Leanda De-Lisle

Thomas Cromwell: more Tony Soprano than Richard Dawkins

A review of Thomas Cromwell: The Untold Story of Henry VIII's Most faithful Servant, by Tracy Borman. More conviction is needed from this otherwise engaging new biography

Portrait of Thomas Cromwell wearing ‘the George’, by Hans Holbein [Getty Images/Bridgeman] 
issue 23 August 2014

The travel writer Colin Thubron once told me that to understand a country and its people he first asks, ‘What do they believe?’ This is also a good place to begin when writing about the past, not least when your subject is Thomas Cromwell, a key figure in the English Reformation.  But Tracy Borman’s Cromwell doesn’t have beliefs so much as qualities: ones that will appeal to fans of the fictional Cromwell of Hilary Mantel’s Tudor novels.

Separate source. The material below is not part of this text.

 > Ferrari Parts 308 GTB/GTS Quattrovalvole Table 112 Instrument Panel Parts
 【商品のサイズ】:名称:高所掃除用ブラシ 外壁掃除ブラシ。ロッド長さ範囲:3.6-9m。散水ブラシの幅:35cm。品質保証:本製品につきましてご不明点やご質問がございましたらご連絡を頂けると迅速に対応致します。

Borman’s Cromwell likes women, and is nice to the poor. True he fits up Anne Boleyn on treason charges, and has the illiterate nun Elizabeth Barton executed without a trial. But then he is a ‘pragmatist’, and much of his killing, torturing and bullying is ‘self-defence’. He is a loving husband, or at least there is no evidence that he isn’t. He is also a ‘witty and generous host’, unless your name is Mark Smeaton. In which case, your arrival at Cromwell’s lovely home will be followed by your confessing to having had sex with Henry’s VIII’s wife. Your next meal will be in the Tower.

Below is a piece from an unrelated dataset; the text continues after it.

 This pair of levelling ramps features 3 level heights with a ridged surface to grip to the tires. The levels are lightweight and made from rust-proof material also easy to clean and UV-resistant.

This Cromwell also dislikes many bad things. Neighbours, for example: at least those with possessions he covets. When he builds a new house he pinches the gardens of those around him (and there are other lapses of kindness to ordinary folk). But in particular he hates the ‘corrupt’ Roman Catholic church, its ‘medieval seven sacraments’ (don’t they still have seven?), and ‘idolatry’. Although (naturally) a great lover of art, this obliges him to order that ‘statues, rood screens and images be destroyed in churches and religious houses across the land’.  And in the case of monastic land, it soon belongs to the king.

Between 1533 and 1540 Cromwell carried out Henry VIII’s will as his secretary, enforcer and vicar-general.